The regulation of LDLr expression by insulin is not completely understood. Activation of the insulin receptor stimulates tyrosine phosphorylation of insulin receptor substrate (IRS) proteins, including IRS-1 and -2, which bind and activate phosphatidylinositol 3-kinase (PI3K) (19). PI3K then activates phosphoinositide-dependent kinases and protein kinase B (PKB)/cAkt. This pathway is important in mediating the metabolic effects of insulin. Activation of the PI3K/PKB/cAkt pathway by insulin increases the expression of sterol regulatory element-binding protein-1 (SREBP-1) in cultured rat hepatocytes (20,21). SREBPs belong to the basic helix-loop-helix-leucine zipper (bHLH-Zip) family of transcription factors. Unlike other members of this family, they are synthesized as inactive, ER membrane-bound precursors (22). Through a two-step proteolytic process, the NH2-terminal bHLH-Zip domain is released and translocates to the nucleus. Mature, nuclear SREBP (nSREBP) activates transcription by binding sterol regulatory elements in promoters of target genes. SREBP-1a and -1c are transcribed from a single gene using alternate start sites, whereas SREBP-2 is encoded by a separate gene. SREBP-1a, the predominant SREBP-1 isoform expressed in cell lines, is a potent activator of genes involved in both cholesterol and fatty acid metabolism. SREBP-1c, predominant in primary cell cultures and intact tissues, preferentially activates genes involved in fatty acid metabolism (22). SREBP-1a and -1c activate several insulin-sensitive hepatic genes, including fatty acid synthase, acetyl CoA carboxylase, l-pyruvate kinase, glucokinase, and the LDLr (23–27). Expression of the LDLr is particularly sensitive to activation by SREBP-1a (26). Because both SREBP-1a and -1c are expressed in HepG2 cells (28), an increase in SREBP-1 expression should enhance LDLr expression and ultimately reduce media apoB accumulation. Thus, we hypothesized that naringenin increases LDLr expression via a PI3K-mediated increase in SREBP-1a expression and that this mechanism is shared by insulin.
In this report, we show that both naringenin and insulin increase precursor SREBP-1 and mature nSREBP-1 levels in a PI3K-dependent manner, leading to increased LDLr expression in HepG2 cells. We further show that this mechanism contributes to the ability of naringenin to reduce apoB accumulation in the media. Finally, in contrast to insulin, we demonstrate the novel activation of PI3K by naringenin, apparently independent of IRS-1 tyrosine phosphorylation.

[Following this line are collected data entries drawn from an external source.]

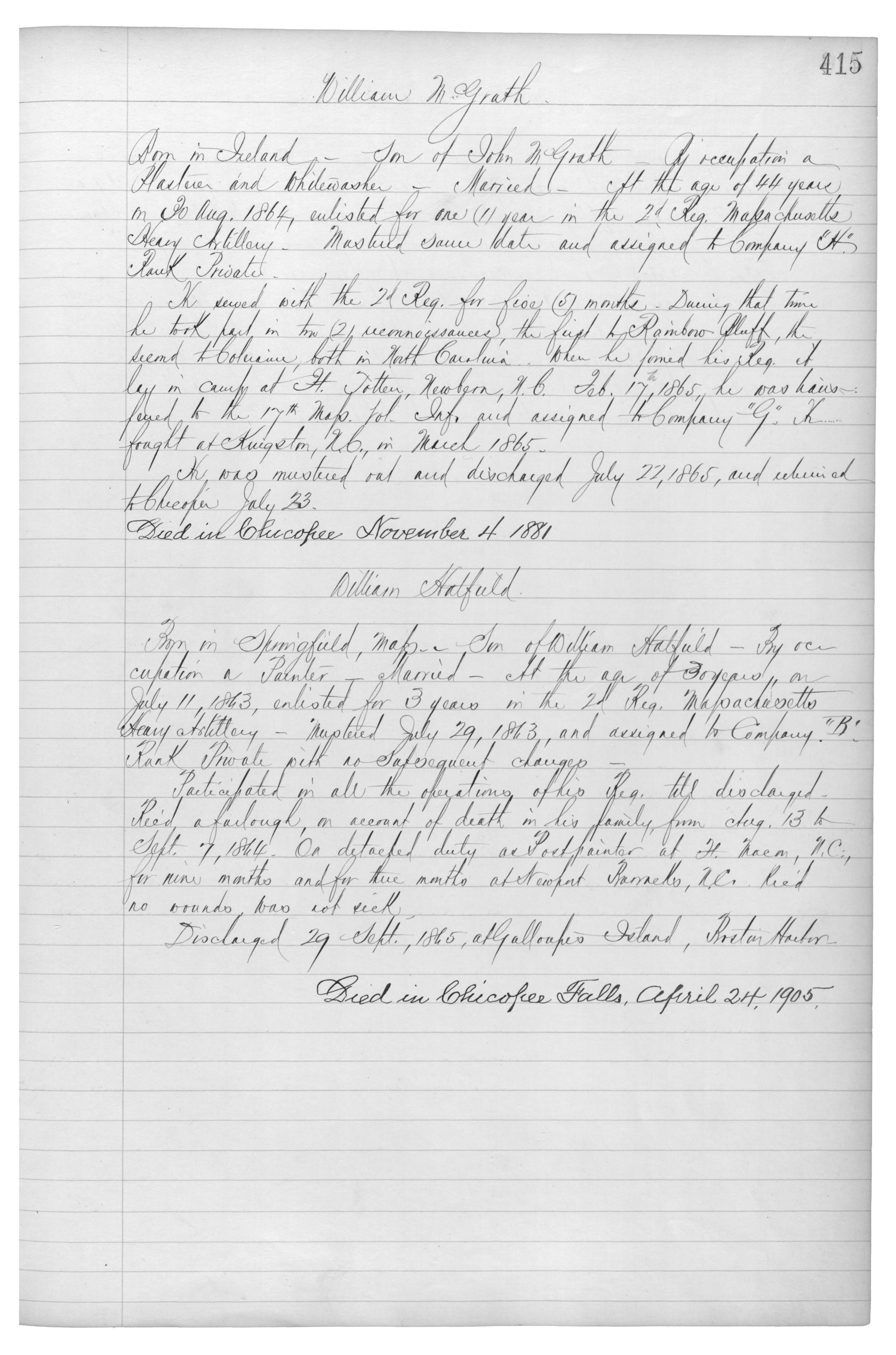 Born in Ireland_Son of John McGrath_By occupation a Plasterer and Whitewasher_Married_At the age of 44 years in 30 Aug. 1864, enlisted for one (1) year in the 2d Reg. Massachusetts Heavy Artillery. Mustered same date and assigned to Company “H”. Rank Private.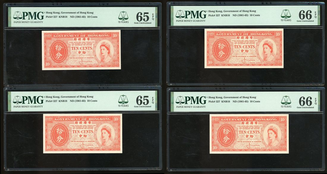 Government of HongKong, 10 cents (4), ND (1961-65), no serial number, (Pick 327), PMG 65-66EPQ (4)
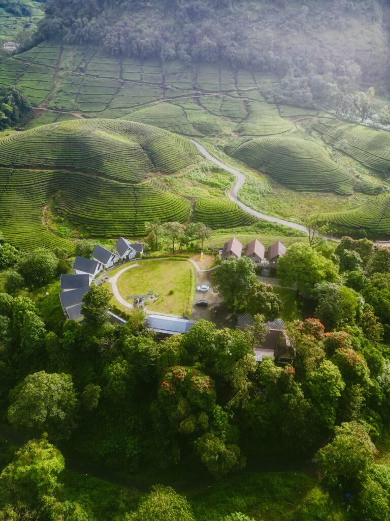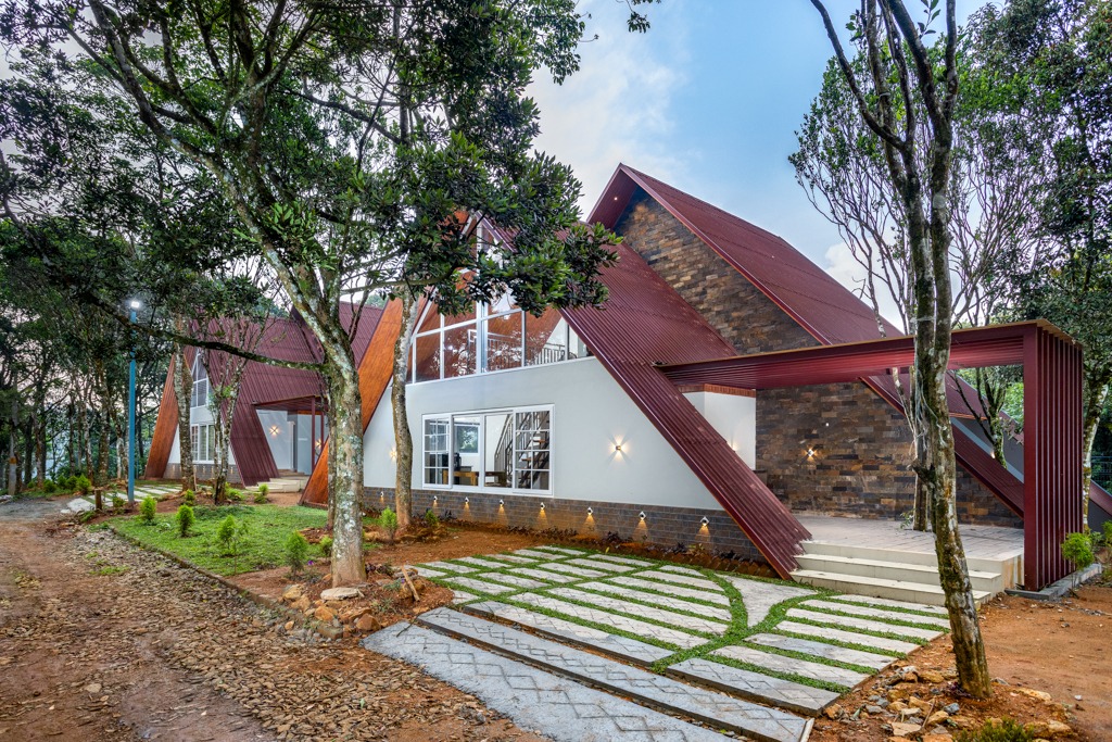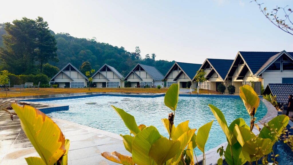 Munnar Highlands is a charming hilltop stay with Alpine-style cottages, manicured gardens, and misty mountain views.
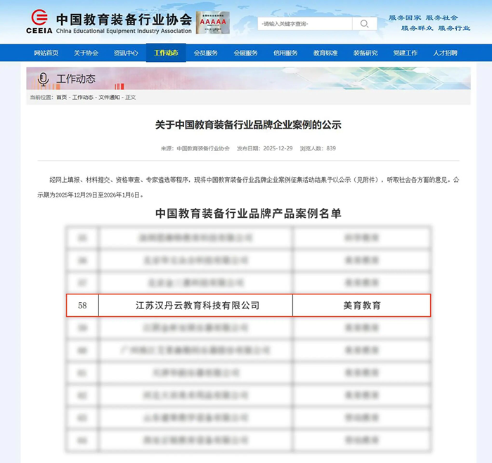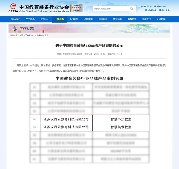 捷音似錦,經線上填報、材料提交、屬地審核、資格審查及專家遴選等多輪嚴格評審,中國教育裝備行業(yè)協(xié)會正式公布了“中國教育裝備行業(yè)品牌企業(yè)案例”及“中國教育裝備行業(yè)品牌產品案例”名單。江蘇漢丹云憑借卓越的綜合實力與創(chuàng)新成果,成功入選“中國教育裝備行業(yè)品牌企業(yè)案例”,旗下智慧書法教室、智慧美術教室雙品齊輝,同步斬獲“中國教育裝備行業(yè)品牌產品案例”權威認證,以藝教匠心賦能教育裝備新征程!

RESEARCH DESIGN AND METHODS
Cell culture and chemicals.
HepG2 and McA-RH7777 cells obtained from American Type Culture Collection (Rockville, MD) were cultured and used in experiments as described previously (13,17). Primary mouse hepatocytes were isolated from anesthetized adult male C57Bl/6 (Charles River, St. Constant, QC) and LDLr−/− (The Jackson Laboratory, Bar Harbor, ME) mice fed ad libitum, as previously described (12) with the following modifications. Livers were successively perfused through the vena cava with Gibco Liver Perfusion Medium, Gibco Liver Digest Medium, and Gibco Hepatocyte Wash Medium (all from Invitrogen, Burlington, ON). Released hepatocytes were washed once with Hepatocyte Wash Medium and suspended in Dulbecco’s modified Eagle’s medium containing 10% fetal bovine serum (FBS) and 20 mU/ml insulin. Cells were plated on BD BioCoat Cellware mouse type IV collagen-coated six-well, 35-mm plates (VWR) at 6.5 × 105 cells/well. For experiments, hepatocytes were maintained in Dulbecco’s modified Eagle’s medium containing 10% lipoprotein-deficient FBS. Naringenin, wortmannin, and LY294002 (all from Sigma, St. Louis, MO) and BMS 197636 (a gift from Dr. J. Wetterau, Bristol-Myers Squibb, Princeton, NJ) were solubilized in DMSO (concentration in cell cultures did not exceed 0.5%). Bovine pancreatic insulin (Sigma) was solubilized in 0.01 N HCl.
mRNA abundance.
HepG2 or McA-RH7777 cells were preincubated for 30 min with either wortmannin (1 μmol/l) or LY294002 (50 μmol/l), followed by 6 h with insulin (100 nmol/l) or naringenin (200 μmol/l). Total RNA was isolated using Trizol (Life Technologies, Mississauga, ON). Custom oligonucleotide probes corresponding to human LDLr (accession no. L29401) 5′-CTCGCCACTTAGGCAGTGGAACTCGAAGGCCGAGCAGGGGCTACTGTCCCCGGTTCCAC-3′, rat SREBP-1 (accession no. AF286470) 5′-ACTCACCAGGGTCTGCAAGGGGCCTGCCTGCACGGCTGTGCC-3′ and human GAPDH (accession no. M32599) 5′-CGGAAGGCCATGCCAGTGAGCTTCAATG-3′. mRNA was quantitated using an RNAse protection assay described previously (29). Data are expressed as band intensity for the gene of interest compared with glyceraldehyde-3-phosphate dehydrogenase (GAPDH).
SREBP-1 immunoblotting.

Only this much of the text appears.